On voltage stability from the viewpoint of singular perturbation theory

This paper investigates voltage stability problems based on singular perturbation theory. The application of singular perturbation theory has made it clear that a power system can be approximated by two simplified systems S and F, which respectively correspond to slow and fast subsystems; four types of voltage instability are defined as follows:

? ? type I voltage drop, in which the system still has restoring force to its operating point;

? ? type II voltage collapse, in which the system loses the capability of keeping its operating point. This is divided into the following:

1. II-1 instability due to dynamic factor with slow responses such as tap-changing transformers, movement of centre of inertia, load changing patterns;

2. II-2 instability due to fast response dynamic factors such as load characteristics, generators, AVR, etc. This kind of instability consists of the following two types:

2.1. II-2S static bifurcation,

2.2. II-2D dynamic bifurcation.

Several features of each type of instability are studied as well as their methods of analysis. Voltage instability tends to begin with type I and then lead to one of the remaining types. The load flow Jacobian can be an effective index to approximately assess types I and II-2S instabilities, while types II-1 and II-2D require direct nonlinear analyses and eigenvalue analyses, respectively.

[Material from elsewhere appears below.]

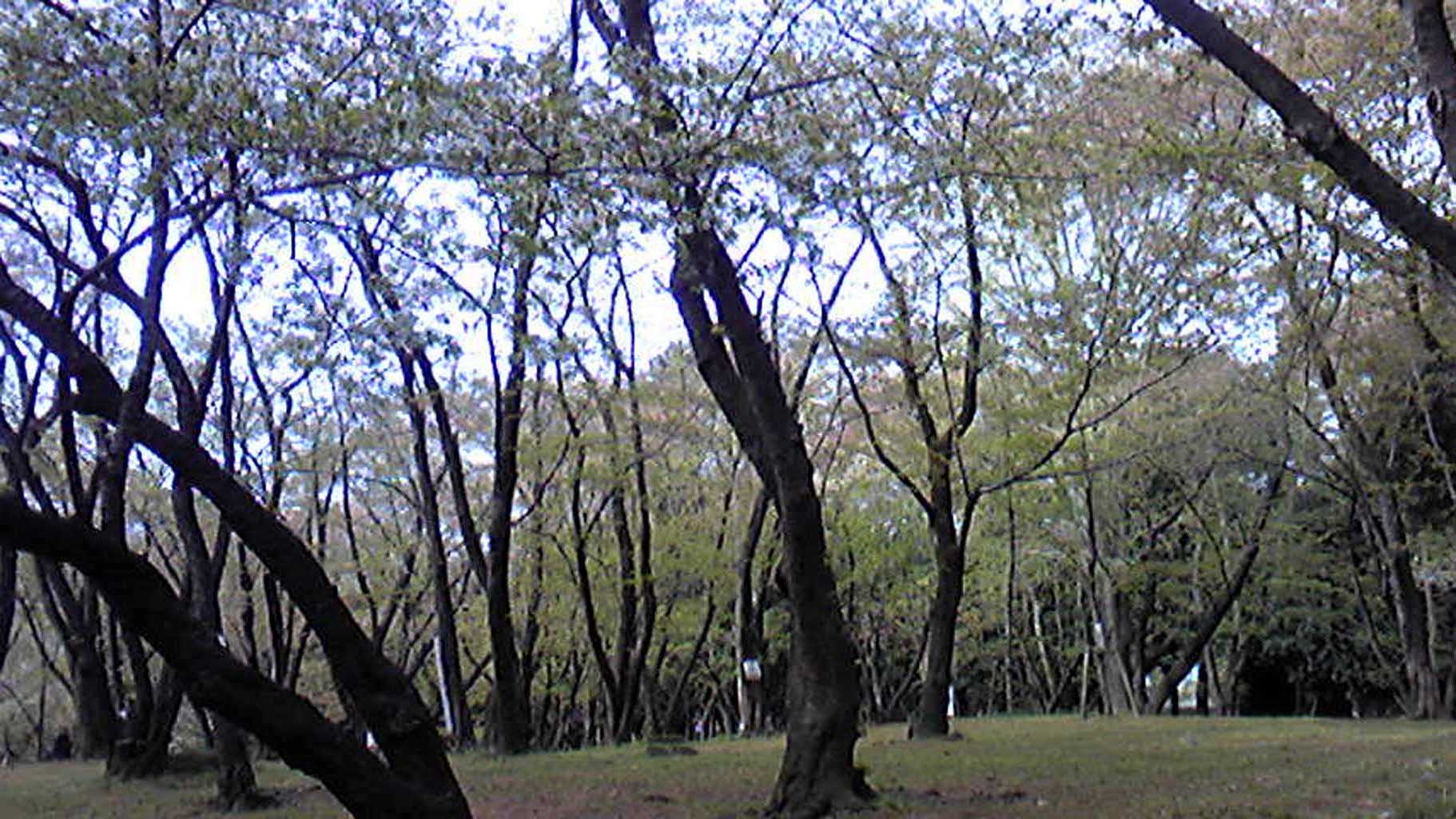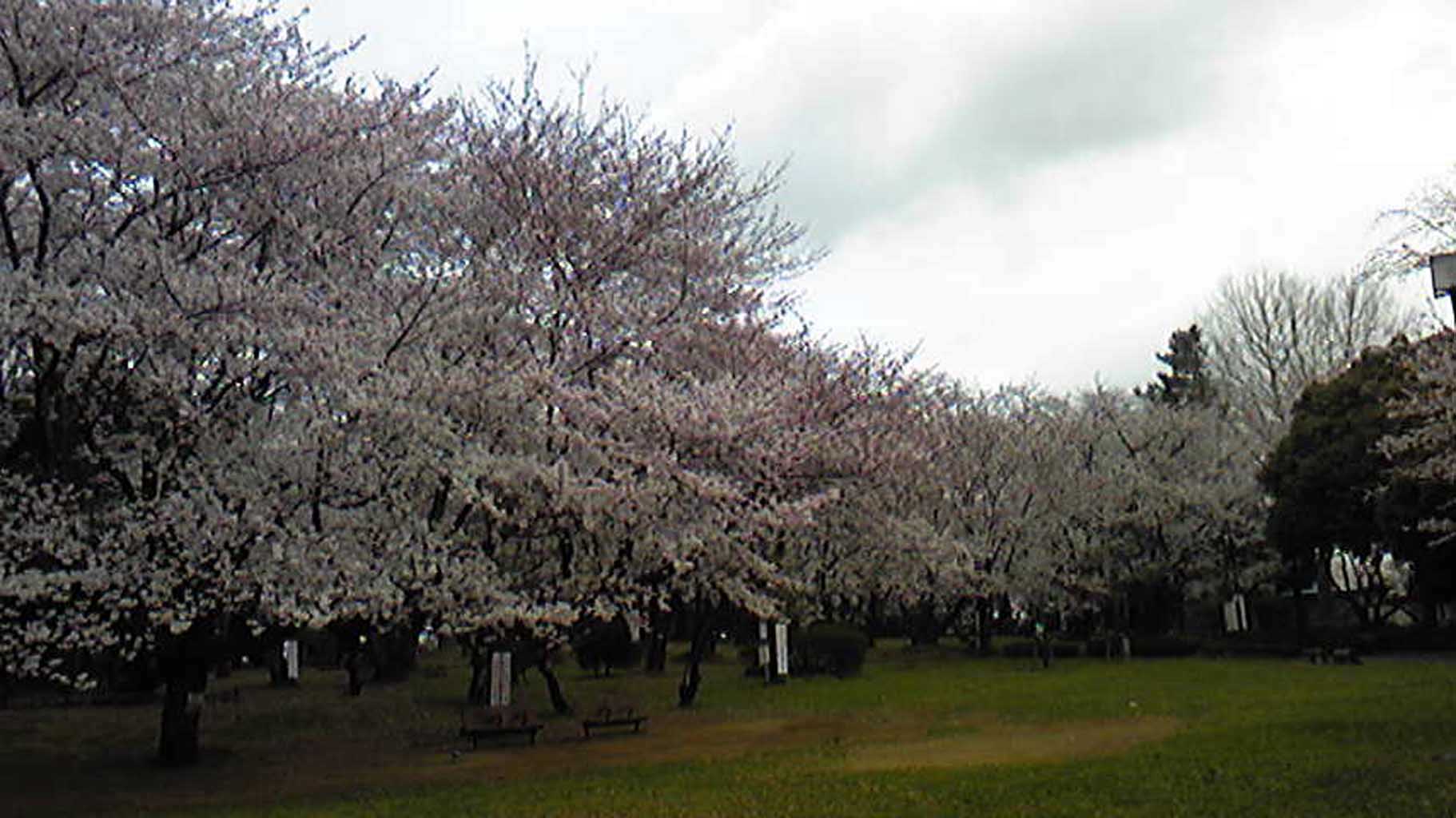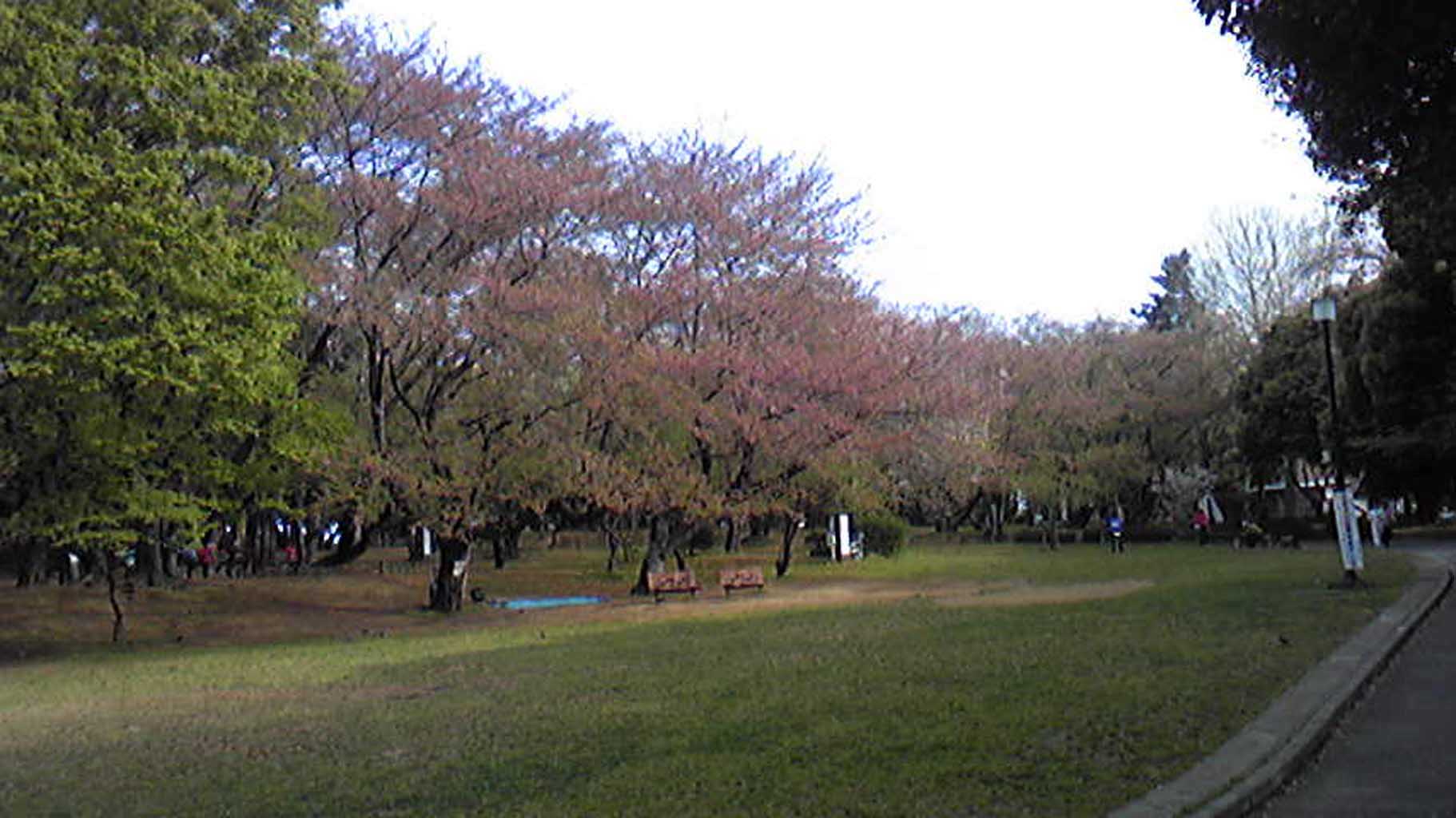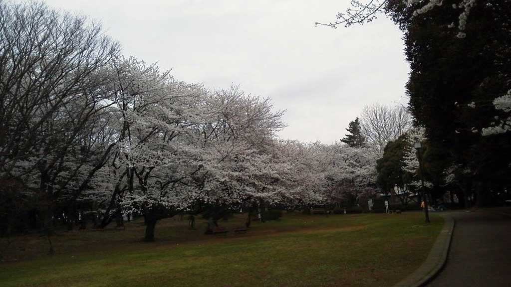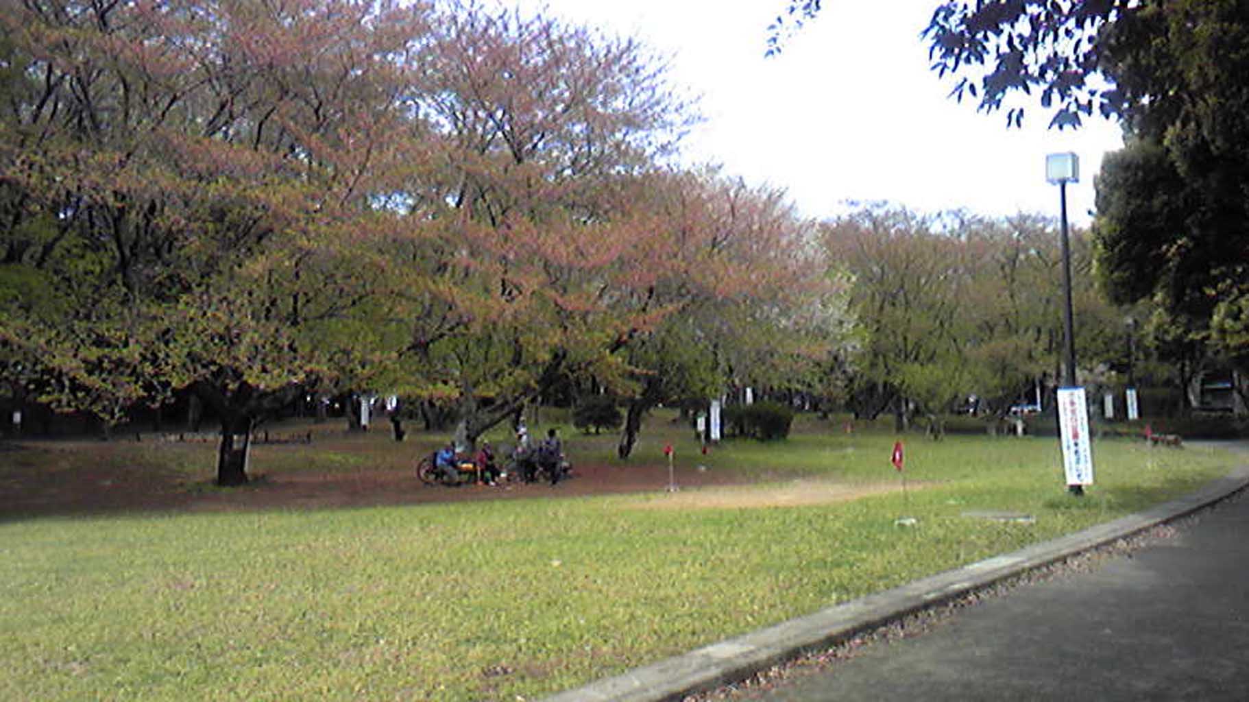 広い公園の中には、まだ花が咲いている桜の木もあります。

Another point to be noted is concerned with the stability at multiple load flow solutions: it is emphasized that the lower of the multiple load flow solutions can be a stable operating point in some cases, even though most of such operating conditions belong to the type I instability; this situation can occur unless the system encounters the type II instability. The validity of the classification proposed here has been verified through numerical simulations and theoretical analyses which take into account the dynamic characteristics of generating units, loads and tap-changing transformers.